It’s time for your flu shot!

flu season

From left, Sheila Shipley, Infection Control Nurse, and Bobby Mickens, Interim Director of Nursing and Women’s Health Nurse Practitioner, encourage you to get a flu shot. Call for an appointment or ask your provider during your next visit.

Welcome to October! It’s the time for cooler mornings, sunlight angling through the trees, even a bit of fog in the early hours.

It’s also time to get ready for flu season.

Experts say October is the best time to get your annual flu shot because you want to be vaccinated before the virus is circulating widely.

The Centers for Disease Control and Prevention recommend getting a flu shot between October and the end of the year.

At Swope Health Services, we’re ready!

“Getting a vaccine means you’ll have a better chance of avoiding the flu, missing work or school, and spreading the illness to others around you,” said Bobby Mickens, Interim Director of Nursing at SHS.

“I’m encouraging everyone to get a flu shot,” she said. “It’s a good prevention measure for everyone. And the more people who get the shot, the more protection we have to avoid spreading illness to the people who are more vulnerable to flu complications.”

Most health insurance programs cover flu vaccinations.

So what are you waiting for? Call 816-923-5800 to schedule an appointment or visit any of the SHS locations for a walk-in appointment.

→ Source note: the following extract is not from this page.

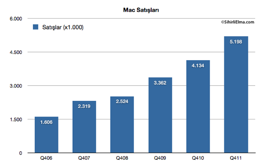 - Bir çeyrekte satılan Mac sayısı ilk defa 5 milyonu geçti. Hem de aileye yeni bir Mac katılmamasına rağmen! iPhone ve iPad satışları, Mac satışlarını da arttırıyor diyebiliriz bu durumda… 🙂

Myths about the Flu Vaccine

Sheila Shipley, Infection Control Nurse, spends a lot of time debunking myths about the flu and the flu vaccine. Here are the most common ones:

  1. The flu shot will make me sick.

The vaccination is not made with a live virus so it can’t make you sick. It takes the vaccine about two weeks to become effective and provide protection, so it is possible you can be exposed to the flu and get sick during that period. That’s why it’s important to be vaccinated before the flu is widespread in the community.

Also, after the shot, some people may have soreness in their arm, a low-grade fever or achy feeling.  That’s normal, and to address it, she recommends exercising the sore arm and taking either Tylenol or Motrin for the fever and aches.

  1. I’m allergic to eggs so I can’t get a shot.

The vaccine is safe even for people with egg allergies. Most people with egg allergies are still able to eat foods made with eggs, and so would not have an allergic reaction to the vaccine. People with serious allergic reactions to eggs are monitored after receiving the flu shot.

  1. I’m healthy and the flu is nothing more than a bad cold. I don’t need a shot.

Healthy people can get the flu. If you haven’t had it before, consider yourself lucky! But even if the flu affects you with only mild symptoms, you should remember that you are still carrying the virus and potentially spreading it to others who may be more vulnerable.

“In patients whose health is compromised, the flu can be truly life threatening,” she said. “They can be susceptible to pneumonia and other complications leading to death. Every year, thousands of people die from the flu.”